Running tests is easy. All you need is the test suite name (the name of the test file, minus the .yaml extension), and the test name (the name of the test in the suite). Did you forget what you named them? That’s ok! Just ask Pavilion.

$ pav show tests
-----------------------+----------------------------------------------------
 Name                  | Summary
-----------------------+----------------------------------------------------
 hello_mpi.hello_mpi   | Builds and runs an MPI-based Hello, World program.
 hello_mpi.hello_worse | Builds and runs MPI-based Hello, World, but badly.
 supermagic.supermagic | Run all supermagic tests.

$ pav run supermagic.supermagic
1 tests started as test series s33.

If you want to run every test in the suite, you can just give the suite name. You can also run whatever combinations of tests you want.

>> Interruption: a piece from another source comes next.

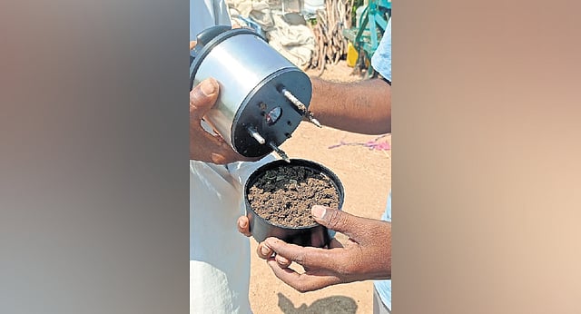 DRDA project officer K Vijayalaxmi told TNIE that the FPO purchased the device from Tamil Nadu for `70,000. She explained that after harvesting, farmers are advised to conduct soil tests one and a half months post-yield to ensure accurate results, as fertilisers used in previous cycles dissolve into the soil.

You also list tests in a file and have Pavilion read that.

$ pav run hello_mpi
2 tests started as test series s34.

$ pav run hello_mpi.hello_mpi supermagic
2 tests started as test series s35.

$ pav run -f mytests
347 tests started as test series s36.

Test Status

If you want to know what’s going on with your tests, just use the pav  status command.

$ pav status
------+------------+----------+------------------+------------------------------
 Test | Name       | State    | Time             | Note
------+------------+----------+------------------+------------------------------
 41   | supermagic | COMPLETE | 16 May 2019 10:38| Test completed successfully.

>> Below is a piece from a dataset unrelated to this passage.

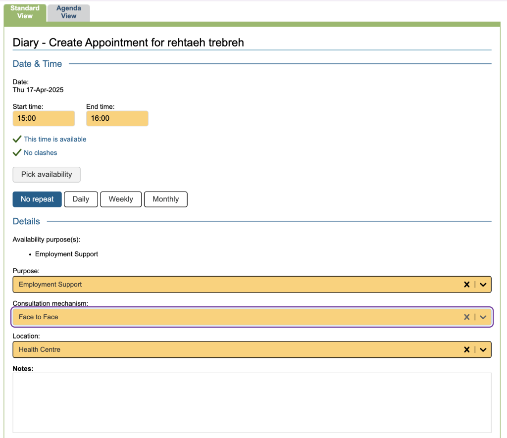 Add the Employment appointment in the diary and save. This appointment has now been created.

It will display the status of all the tests in the last test series you ran.

Test Series and ID’s

From the above, you may have noticed that each test gets a series id like s24 and a test id like 41. You can use these id’s to reference tests or suites of tests to get their status, results, and logs through the pavilion interface. The ID’s are unique for a given Pavilion working_dir but they will get reused as old tests are cleaned up.

Test Results

Pavilion builds a mapping of result keys and values for every test that runs. You can view the results of any tests using the pav results command.

$ pav results
Test Results
------------+----+--------
Name        | Id | Result
------------+----+--------
supermagic  | 41 | PASS

# Use '--full' or '-f' to get the full result json with all fields.
$ pav results --full Test Results
{
    "name": "supermagic",
    "id": 41,
    "result": "PASS",
    "duration": 3.825,
    "created": 2019-05-15 10:38,
    "started": 2019-05-15 10:41,
    "finished": 2019-05-15 10:42,
}

Every test has a results object that contains a variety of useful, automatically populated keys. Additional keys can be defined through result parsing and result evaluations.

Results are saved alongside each test, as well being written to a central result log that is suitable for import into Splunk or other tools.

The Overall Result

By default, a test passes if its last command returns 0, but this can be easily overridden.

mytest:
    run:
        cmds:
            # We'll use the result parsers below to parse values from
            # the output of the run script.
            - './test_script.sh'

    result_parse:
        regex:
            # Use the regex parser to extract a speed key and add it to
            # the results.
            speed:
                regex: '^speed (\d+)'

    result_evaluate:
        # The test will PASS if the speed (extracted above) is more than 50.
        result: 'speed > 50'